Amendment 11: Property Rights; Removal of Obsolete Provision; Criminal Statutes
Supporters of this proposal consider it a “clean-up” measure. Amendment 11 would eliminate an unenforceable section in the state Constitution that prohibits “aliens ineligible for citizenship” from owning property.
The proposal also would strike obsolete language that authorizes a high-speed rail system. And it would revise the Constitution to make it clear that the repeal of a criminal law does not affect the prosecution of any crime committed before the repeal, although it could allow the punishment to be adjusted in light of the repealed or modified statute.
Amendment 12: Lobbying and Abuse of Office by Public Officers
This government ethics proposal would impose a six-year ban on lobbying by state and local elected officials, expanding the current two-year prohibition.
Amendment 12 was spearheaded by former Florida Senate President Don Gaetz, a Niceville Republican who served on the Constitution Revision Commission.
Amendment 12 would forbid state lawmakers and statewide elected officials from lobbying the Legislature, any state agency or Cabinet offices for six years after they leave office. Also, former state agency heads would be banned from lobbying their former agencies, as well as the Legislature and other state agencies.
At the local level, former county commissioners, school board members, mayors, city council members and constitutional officers would be banned from lobbying their former agencies for six years after they leave office. And former judges would not be allowed to lobby the Legislature or state executive agencies for six years after they leave the bench.
Another provision would prohibit public officials, at both the state and local levels, from lobbying any other government entity, including the federal government, “for compensation” while they are in office. Amendment 12 is supported by Common Cause and Integrity Florida and opposed by the Florida Chamber of Commerce.
Amendment 13: Dog Racing
Greyhound racing, that throwback to Florida’s days of early-bird dinners, cocaine cowboys and Coppertone tans, has been in decline for decades. Opponents of the sport hope to hasten its demise.
Amendment 13 would end betting on dog racing by Dec. 31, 2020, while letting dog tracks continue to offer poker rooms and slot machines.
Critics long have called the racing industry’s treatment of dogs cruel, an allegation greyhound owners dispute.
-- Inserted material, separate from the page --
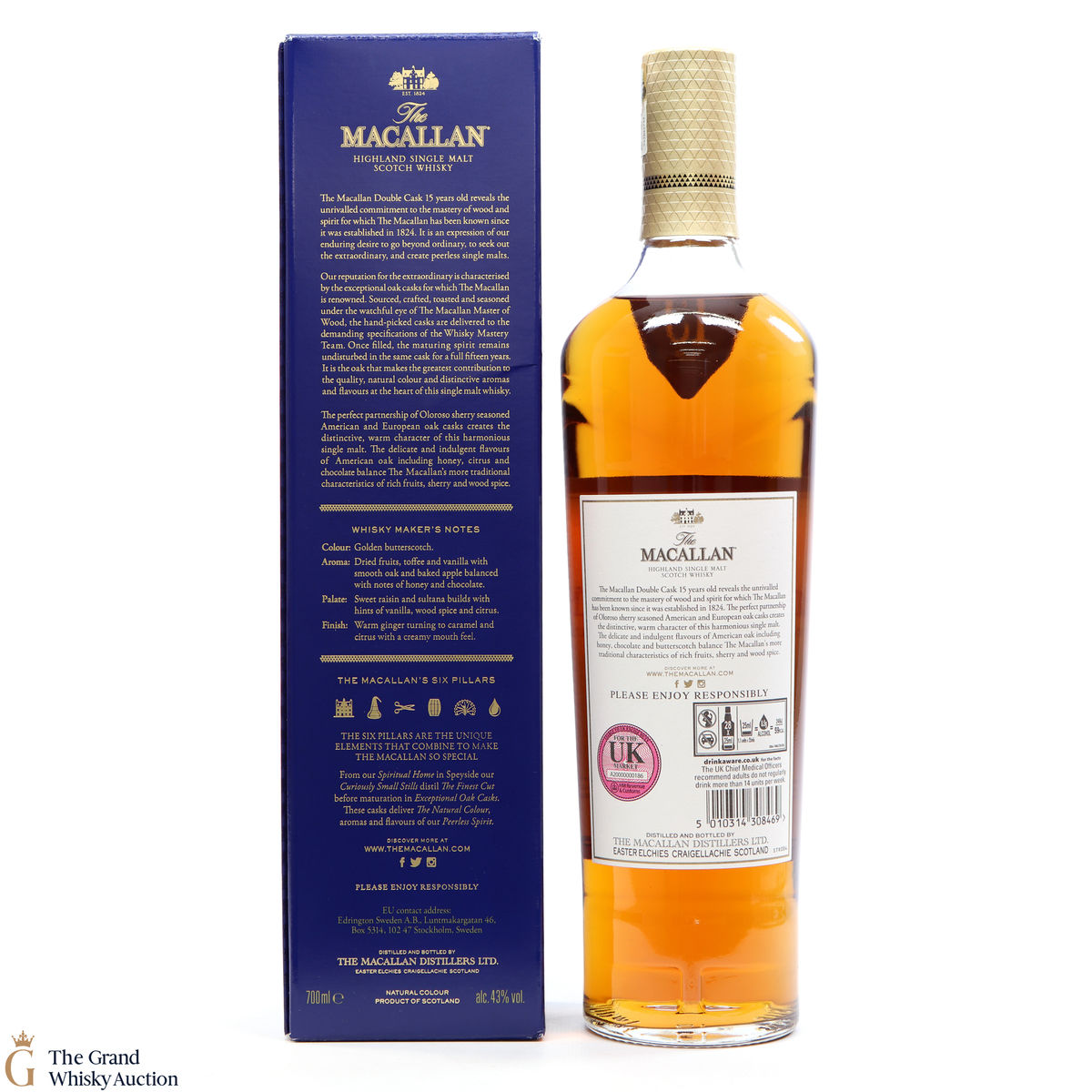 This 15 Year Old Macallan was matured in a combination of American and European Sherry oak for a minimum of 15 years. It is part of the Macallan Double Cask range, which marries the classic Macallan style and the sweetness of American oak.

Activists say more than 400 racing dogs have died in Florida since 2013, many after injuries sustained on the track, including broken backs, broken necks and head trauma. They also point to greyhounds testing positive for steroids and cocaine.
Other criticisms: Greyhounds spend more than 20 hours a day in small cages, eat low-grade food and frequently are afflicted with hookworm, ticks and fleas.
“They are incredibly athletic and beautiful and graceful,” said Carey Theil, executive director of the anti-racing group Grey2K USA of Massachusetts. “We think Florida voters will look at this and think, ‘This isn’t how I would treat my dog.'”
Jack Cory, a lobbyist who represents the Florida Greyhound Association and the National Greyhound Association, disputes allegations of abuse. The dogs’ owners get paid only if the animals finish in the top four of any given race, so handlers have an incentive to coddle greyhounds, Cory argued.
“Common sense would tell you they’re going to do everything humanly possible to treat their animals well,” Cory said. “They’re animal athletes, no different than the basketball players and football players at FAU. Would FAU not feed their football players? Of course not.”
Amid the strenuous debate over the treatment of dogs, there’s no disputing another harsh reality: Greyhound racing no longer captures the attention of the betting public like it once did. For the past quarter-century, the racing business has been shrinking.
In 2006, Florida greyhound tracks handled bets totaling $478 million, according to the state’s Division of Pari-Mutuel Wagering. By 2017, the handle had plummeted to less than $230 million.